*** Opening Data ***
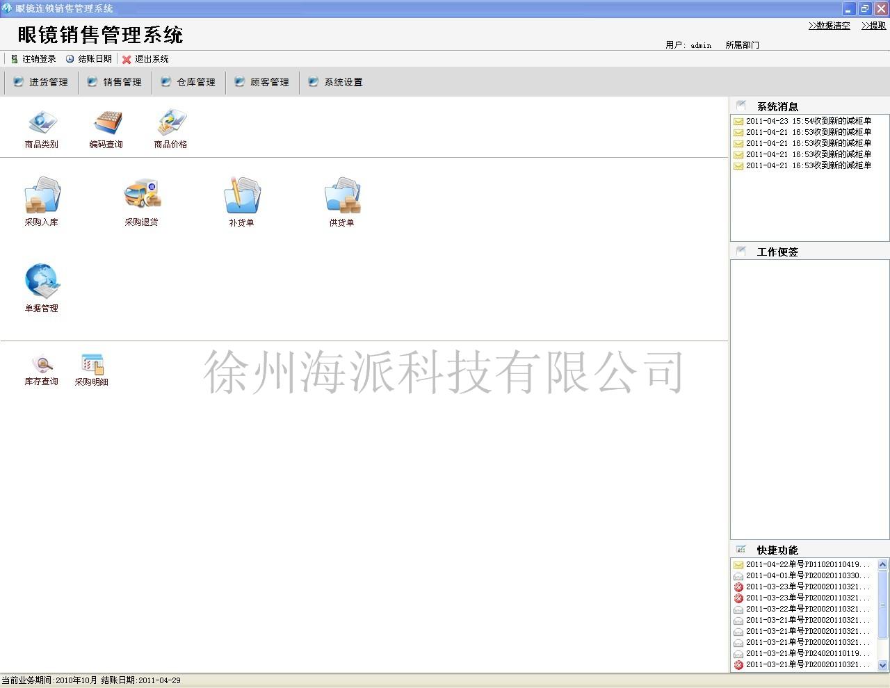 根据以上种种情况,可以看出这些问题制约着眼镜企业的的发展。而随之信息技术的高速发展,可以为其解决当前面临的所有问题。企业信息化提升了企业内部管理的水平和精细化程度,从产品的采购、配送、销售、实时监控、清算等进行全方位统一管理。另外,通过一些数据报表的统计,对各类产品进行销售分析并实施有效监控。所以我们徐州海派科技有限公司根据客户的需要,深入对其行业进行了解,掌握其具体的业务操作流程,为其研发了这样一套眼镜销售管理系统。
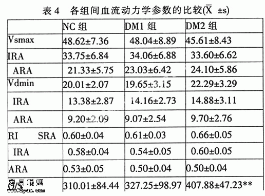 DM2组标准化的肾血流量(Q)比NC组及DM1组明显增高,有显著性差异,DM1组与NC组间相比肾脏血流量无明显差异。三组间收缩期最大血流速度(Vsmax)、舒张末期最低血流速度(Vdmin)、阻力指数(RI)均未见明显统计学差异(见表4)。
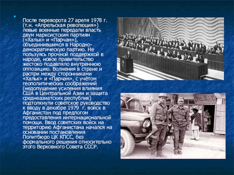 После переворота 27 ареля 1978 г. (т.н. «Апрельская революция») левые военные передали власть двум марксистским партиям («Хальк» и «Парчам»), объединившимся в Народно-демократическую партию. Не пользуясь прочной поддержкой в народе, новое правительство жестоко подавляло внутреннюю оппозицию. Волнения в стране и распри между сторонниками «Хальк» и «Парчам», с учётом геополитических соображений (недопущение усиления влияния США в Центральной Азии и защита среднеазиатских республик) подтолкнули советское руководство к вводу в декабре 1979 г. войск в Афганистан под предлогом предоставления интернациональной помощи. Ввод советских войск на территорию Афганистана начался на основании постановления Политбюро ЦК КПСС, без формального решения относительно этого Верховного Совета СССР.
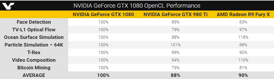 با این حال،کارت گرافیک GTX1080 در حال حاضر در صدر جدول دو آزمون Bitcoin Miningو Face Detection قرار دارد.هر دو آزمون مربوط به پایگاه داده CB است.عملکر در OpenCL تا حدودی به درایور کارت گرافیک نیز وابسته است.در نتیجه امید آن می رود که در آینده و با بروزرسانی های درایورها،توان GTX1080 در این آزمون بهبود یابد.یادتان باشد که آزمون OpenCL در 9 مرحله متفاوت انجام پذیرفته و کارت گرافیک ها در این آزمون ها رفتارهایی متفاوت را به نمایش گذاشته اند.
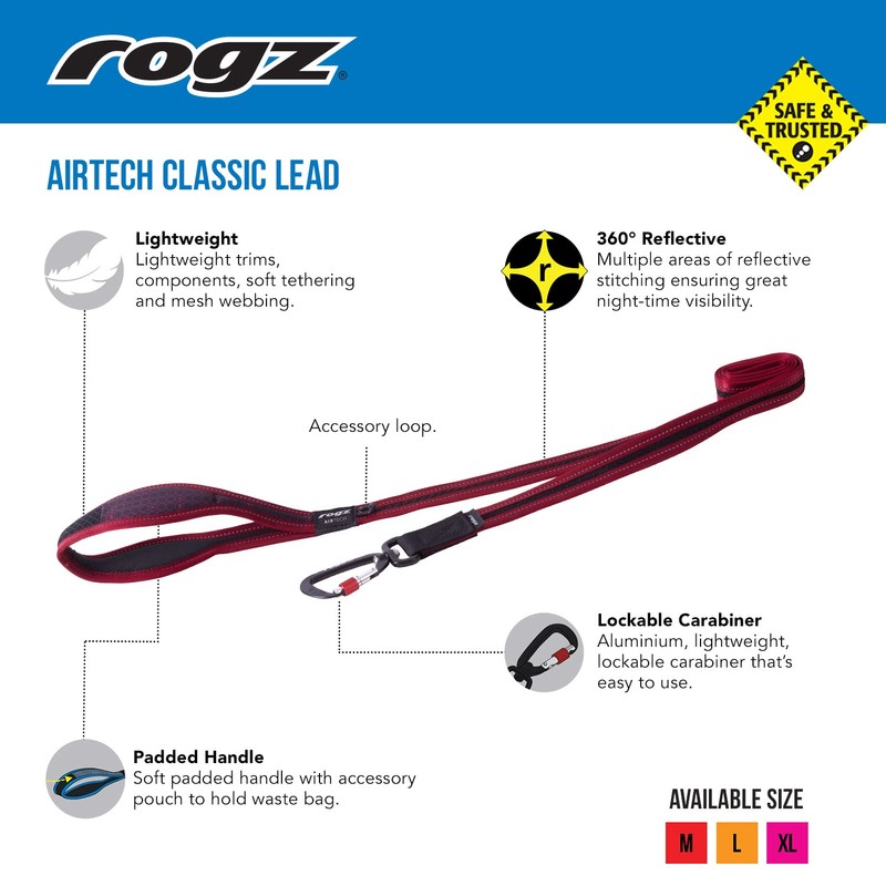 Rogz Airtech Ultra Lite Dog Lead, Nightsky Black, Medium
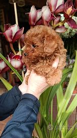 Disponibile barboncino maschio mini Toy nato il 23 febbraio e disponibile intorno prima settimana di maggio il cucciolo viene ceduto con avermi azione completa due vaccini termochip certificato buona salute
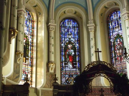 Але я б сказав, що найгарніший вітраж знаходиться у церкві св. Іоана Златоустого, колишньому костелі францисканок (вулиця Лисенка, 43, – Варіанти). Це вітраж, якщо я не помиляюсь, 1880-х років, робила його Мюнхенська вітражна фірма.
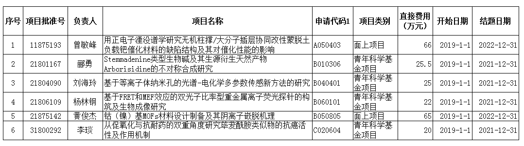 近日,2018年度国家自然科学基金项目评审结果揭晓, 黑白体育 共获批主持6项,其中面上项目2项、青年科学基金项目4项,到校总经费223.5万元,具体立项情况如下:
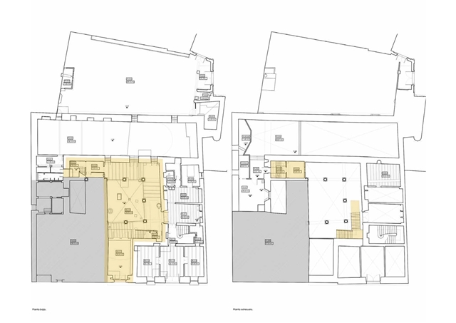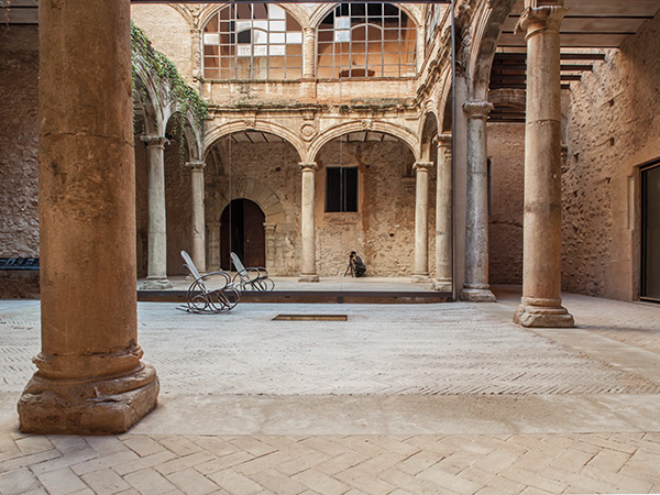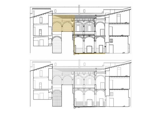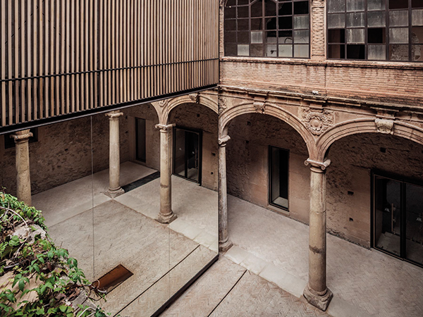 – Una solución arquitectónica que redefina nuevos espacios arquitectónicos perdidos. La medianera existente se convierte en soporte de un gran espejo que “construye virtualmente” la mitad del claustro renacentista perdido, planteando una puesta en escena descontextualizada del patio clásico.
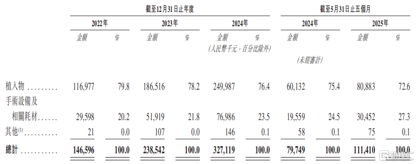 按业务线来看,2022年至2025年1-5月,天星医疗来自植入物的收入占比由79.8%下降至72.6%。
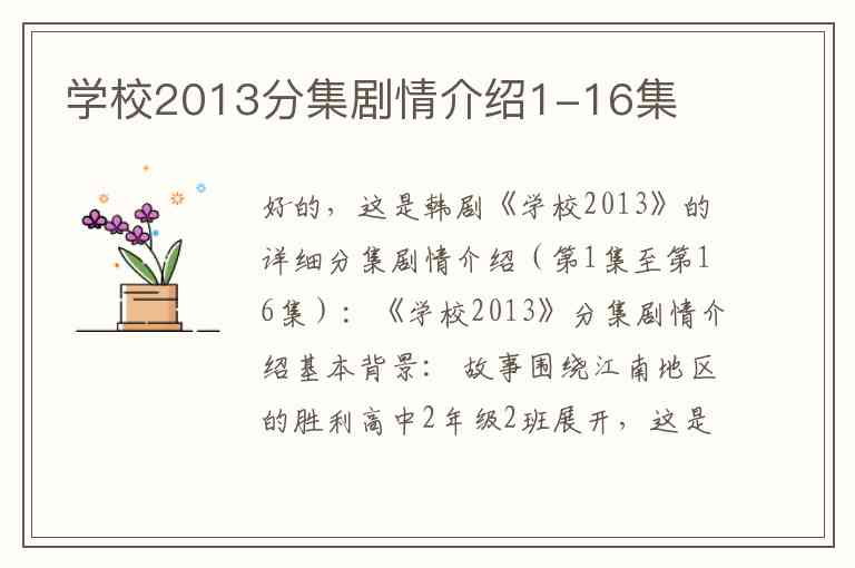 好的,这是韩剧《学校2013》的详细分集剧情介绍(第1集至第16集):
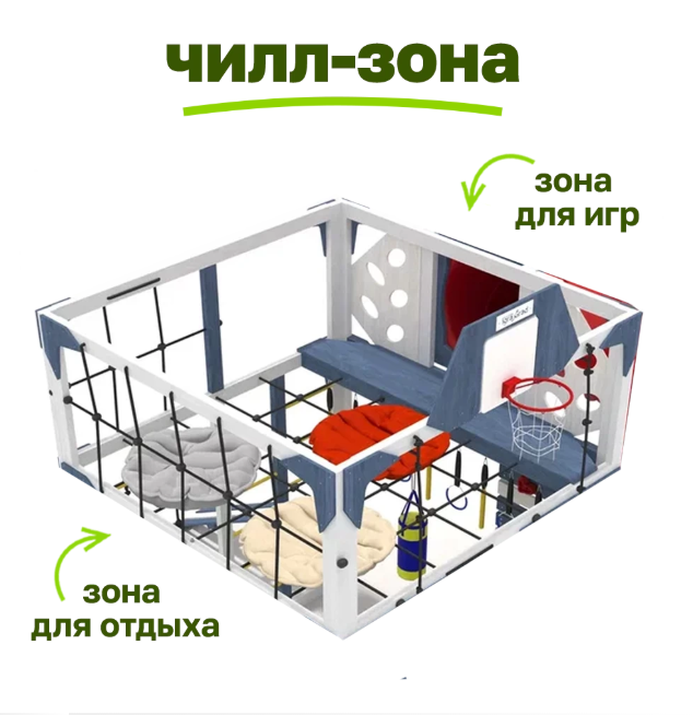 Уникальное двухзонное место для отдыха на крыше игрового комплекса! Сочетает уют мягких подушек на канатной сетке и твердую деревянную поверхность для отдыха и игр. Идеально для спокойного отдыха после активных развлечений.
*** Closing Data ***
What the task requires -> Type the listing out again word for word, passing over each picture.

Answer space ->
 根据以上种种情况,可以看出这些问题制约着眼镜企业的的发展。而随之信息技术的高速发展,可以为其解决当前面临的所有问题。企业信息化提升了企业内部管理的水平和精细化程度,从产品的采购、配送、销售、实时监控、清算等进行全方位统一管理。另外,通过一些数据报表的统计,对各类产品进行销售分析并实施有效监控。所以我们徐州海派科技有限公司根据客户的需要,深入对其行业进行了解,掌握其具体的业务操作流程,为其研发了这样一套眼镜销售管理系统。
 DM2组标准化的肾血流量(Q)比NC组及DM1组明显增高,有显著性差异,DM1组与NC组间相比肾脏血流量无明显差异。三组间收缩期最大血流速度(Vsmax)、舒张末期最低血流速度(Vdmin)、阻力指数(RI)均未见明显统计学差异(见表4)。
 После переворота 27 ареля 1978 г. (т.н. «Апрельская революция») левые военные передали власть двум марксистским партиям («Хальк» и «Парчам»), объединившимся в Народно-демократическую партию. Не пользуясь прочной поддержкой в народе, новое правительство жестоко подавляло внутреннюю оппозицию. Волнения в стране и распри между сторонниками «Хальк» и «Парчам», с учётом геополитических соображений (недопущение усиления влияния США в Центральной Азии и защита среднеазиатских республик) подтолкнули советское руководство к вводу в декабре 1979 г. войск в Афганистан под предлогом предоставления интернациональной помощи. Ввод советских войск на территорию Афганистана начался на основании постановления Политбюро ЦК КПСС, без формального решения относительно этого Верховного Совета СССР.
 با این حال،کارت گرافیک GTX1080 در حال حاضر در صدر جدول دو آزمون Bitcoin Miningو Face Detection قرار دارد.هر دو آزمون مربوط به پایگاه داده CB است.عملکر در OpenCL تا حدودی به درایور کارت گرافیک نیز وابسته است.در نتیجه امید آن می رود که در آینده و با بروزرسانی های درایورها،توان GTX1080 در این آزمون بهبود یابد.یادتان باشد که آزمون OpenCL در 9 مرحله متفاوت انجام پذیرفته و کارت گرافیک ها در این آزمون ها رفتارهایی متفاوت را به نمایش گذاشته اند.
 Rogz Airtech Ultra Lite Dog Lead, Nightsky Black, Medium
 Disponibile barboncino maschio mini Toy nato il 23 febbraio e disponibile intorno prima settimana di maggio il cucciolo viene ceduto con avermi azione completa due vaccini termochip certificato buona salute
 Але я б сказав, що найгарніший вітраж знаходиться у церкві св. Іоана Златоустого, колишньому костелі францисканок (вулиця Лисенка, 43, – Варіанти). Це вітраж, якщо я не помиляюсь, 1880-х років, робила його Мюнхенська вітражна фірма.
 近日,2018年度国家自然科学基金项目评审结果揭晓, 黑白体育 共获批主持6项,其中面上项目2项、青年科学基金项目4项,到校总经费223.5万元,具体立项情况如下:
 – Una solución arquitectónica que redefina nuevos espacios arquitectónicos perdidos. La medianera existente se convierte en soporte de un gran espejo que “construye virtualmente” la mitad del claustro renacentista perdido, planteando una puesta en escena descontextualizada del patio clásico.
 按业务线来看,2022年至2025年1-5月,天星医疗来自植入物的收入占比由79.8%下降至72.6%。
 好的,这是韩剧《学校2013》的详细分集剧情介绍(第1集至第16集):
 Уникальное двухзонное место для отдыха на крыше игрового комплекса! Сочетает уют мягких подушек на канатной сетке и твердую деревянную поверхность для отдыха и игр. Идеально для спокойного отдыха после активных развлечений.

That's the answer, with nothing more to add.